At 09:49 +0100 2001/02/20, Olivier Dwelshauvers wrote:
>> I'm not surprised actually.  Also, AFAIK, Bison offers no means to
>> release the memory associated to symbols shifted during error
>> recovery.
>
>The memory leaks I noticed appear in normal execution, not in error
>recovery. I just wrote a main() which loop on yyparse(), opening and
>closing the input each loop.
>Every ten loops it print the result of :
>         system("ps -ef -o pid,vsize,rssize,command | grep -e PID -e
>prg_name");
>That's how I could point the problem.

I had a look at the parser my Bison invokation writes, and it uses
statically allocated stacks only. (For dynamically allocated stacks one has
to write some stack allocation functions it seems.) There is no other
dynamic memory allocation, except for some error message strings, but those
are properly freed immediately after the error message has been output.
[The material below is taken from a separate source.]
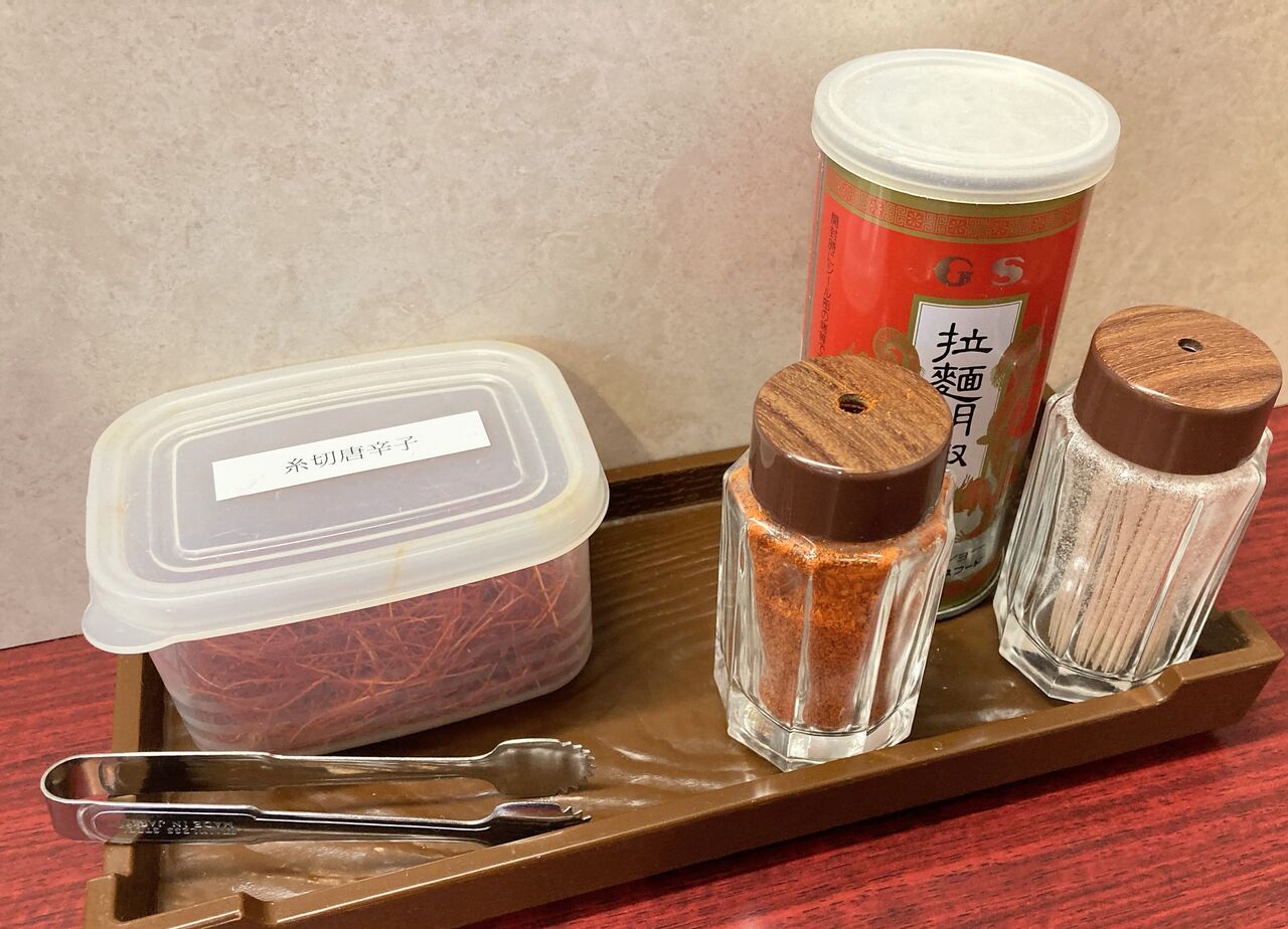 ラーメンの上に糸切唐辛子がのって出てくるラーメンはよくあるが、

As for other memory leaks, it seems me the only safe way is to compile
under C++, and write classes that do proper memory allocation/deallocation.
Thus
  class my_type {
  public:
    A* ap; // Pointer should have proper deallocation within class.
    B b;   // Or use automatic (stacked) elements.

    my_type() : ap(0) { }
    ~my_type() : { delete ap }

    my_type(A* ap) : ap(ap) { }  // pointer must be created using "new"
  };

  #define YYSTYPE my_type

If you do not have this destructor ~my_type() within the class, then my
guess it is going to be hard to avoid memory leaks with the parser that
Bison writes.

How is your program structured? That is, do you have such class external
memory allocations that are not cleaned up by the class itself?